Stored data entries
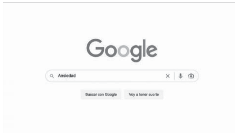
Estudio. Ansiedad, lo más buscado en internet por las y los argentinos.

El segundo tipo de padecimientos relacionados con la salud mental que generó mayor nivel de interés en los consumidores fueron los
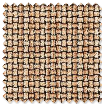
Ruban Tissage décoratif 4 Couleurs
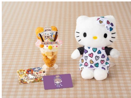
▲各ワークショップ完成イメージ
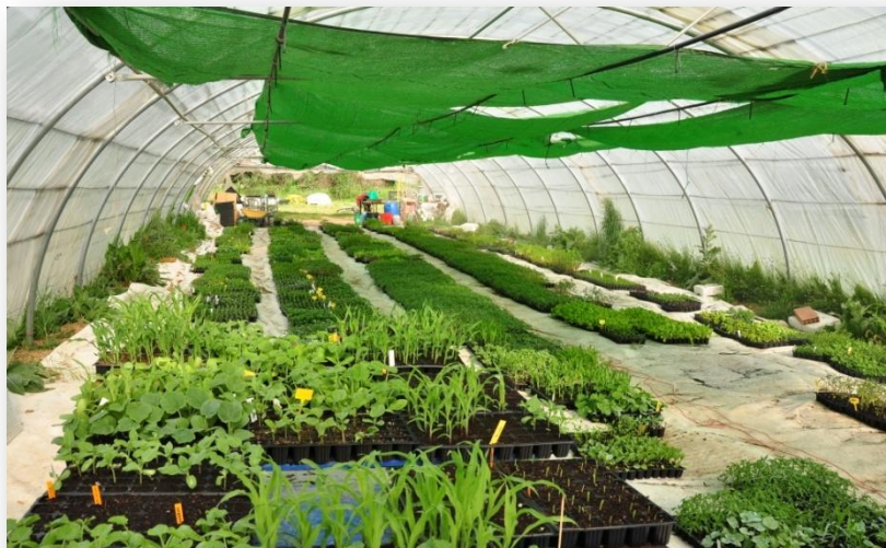
Invernadero y camas calientes
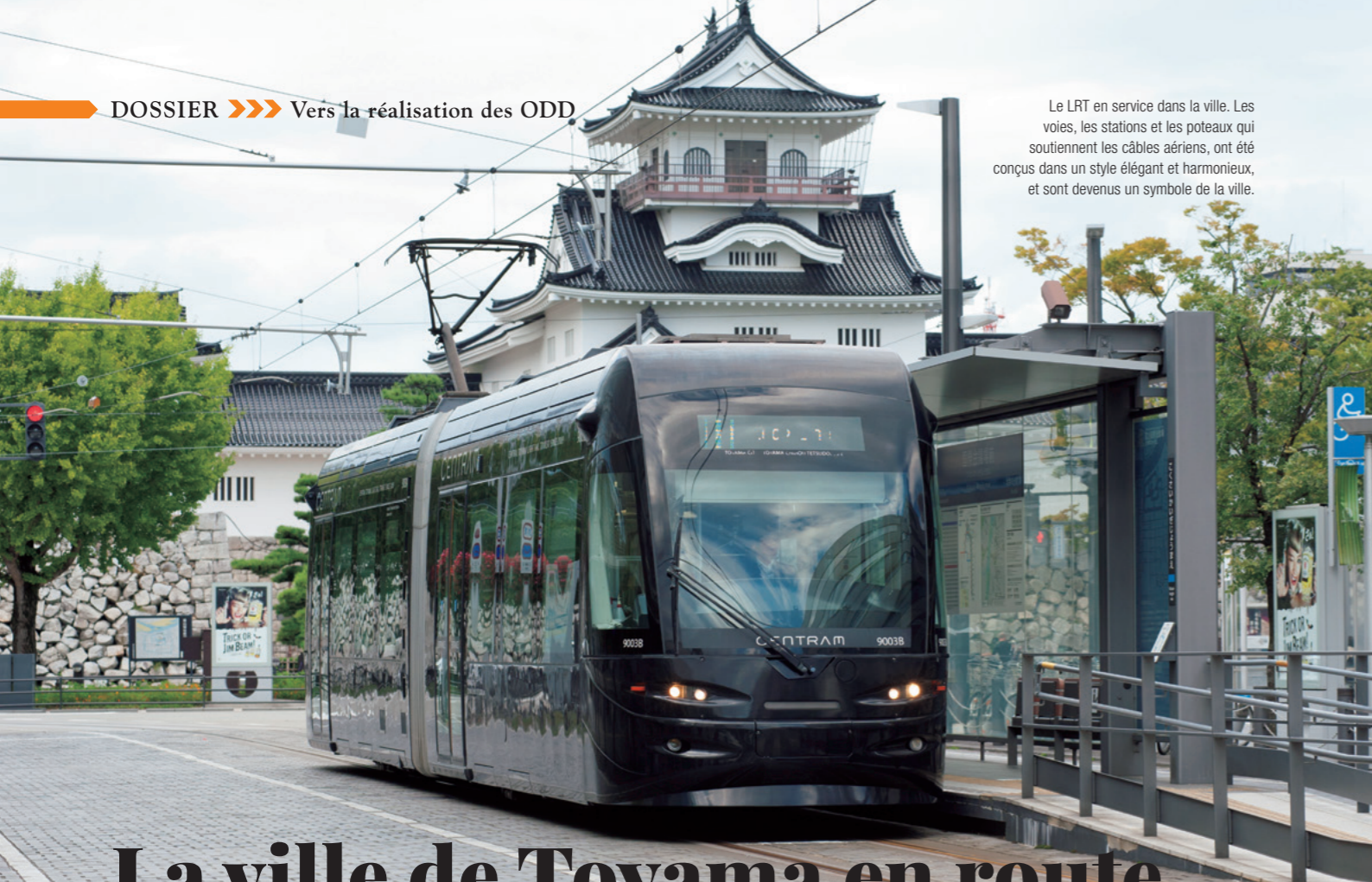
Le LRT en service dans la ville. Les voies, les stations et les poteaux qui soutiennent les câbles aériens, ont été conçus dans un style élégant et harmonieux, et sont devenus un symbole de la ville.
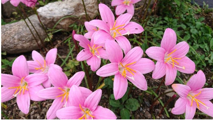
ゼフィランサス (別名・レインリリー)

とても丈夫な球根で、花壇に植えても、鉢やプランターでも良く花が咲きます。また植えっぱなしにできるので手間がかかりません。同じ仲間には白花のタマスダレ・黄色のシトリナがあります。
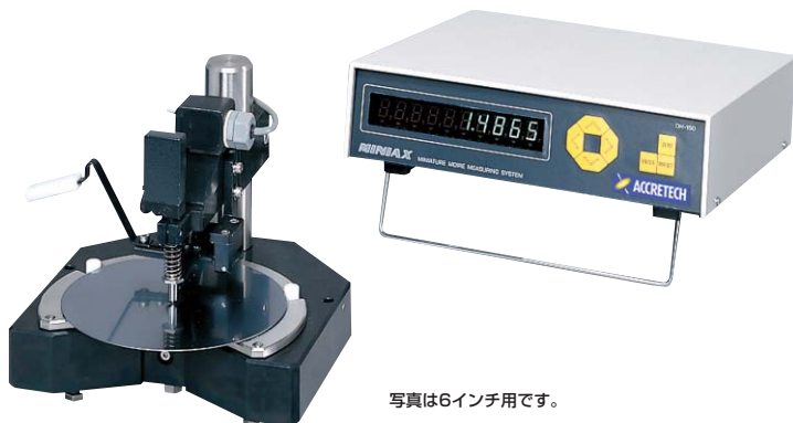
写真は6インチ用です。
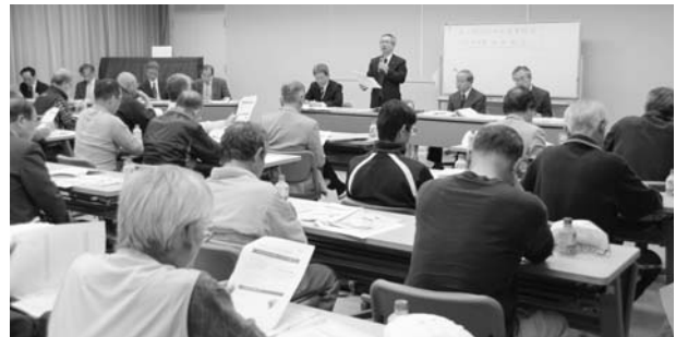
▲西小校区町内会長連絡会平成25年度第1回総会にて、第7次西尾市総合計画、名鉄西尾・蒲郡線存続に向けての事業などについて説明しました。
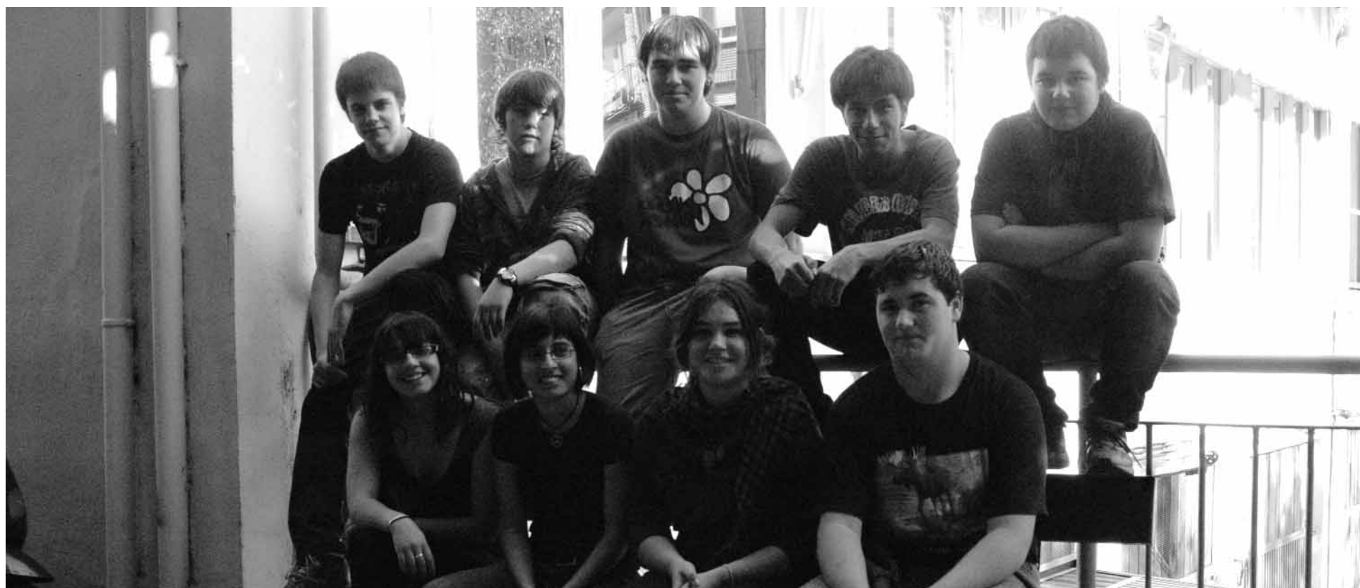
Inmaculada ikastetxeko ikasleak izan dira gaurko alearen egileak.
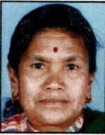
१४) अष्टमाया महर्जन टेवहाल
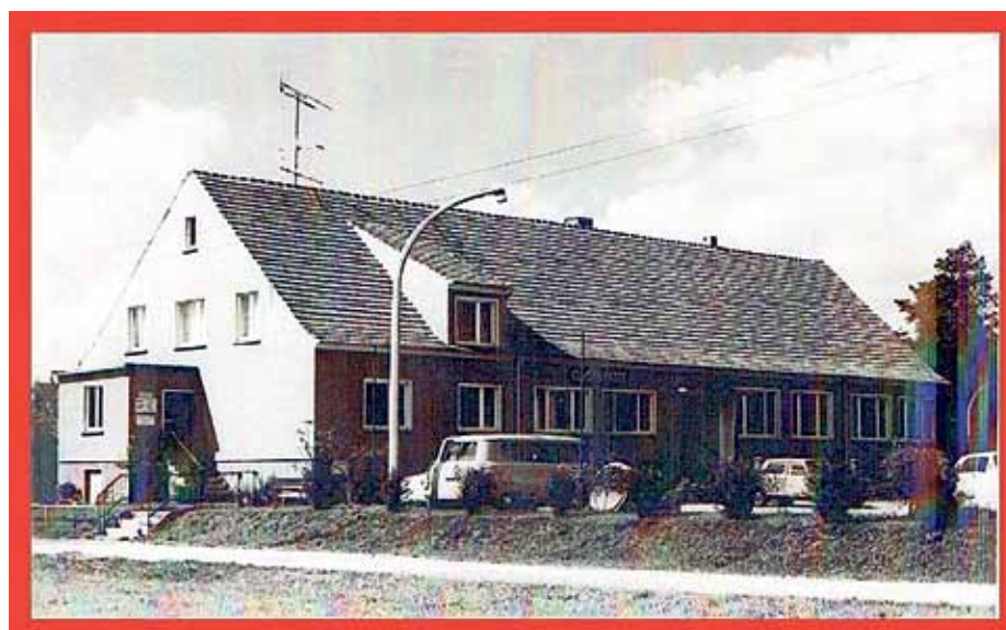
Gaststätte „Tourist“ um 1970
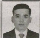
41 – Xatirchi saylov okrugi
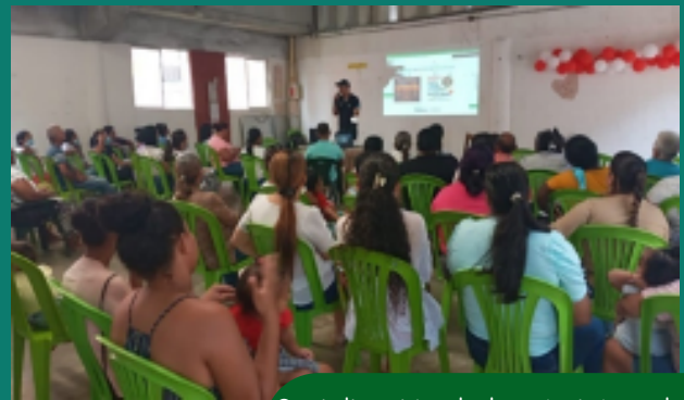
Socialización de la ruta integral en salud mental
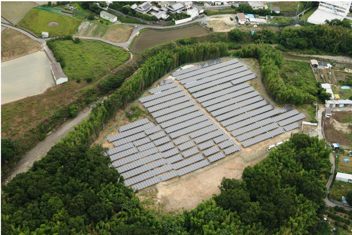
第一期工事完成写真

§ **Activity**
Your reply should consist of one number: how many lines above contain the word "mental".

§ **Exercise result**
2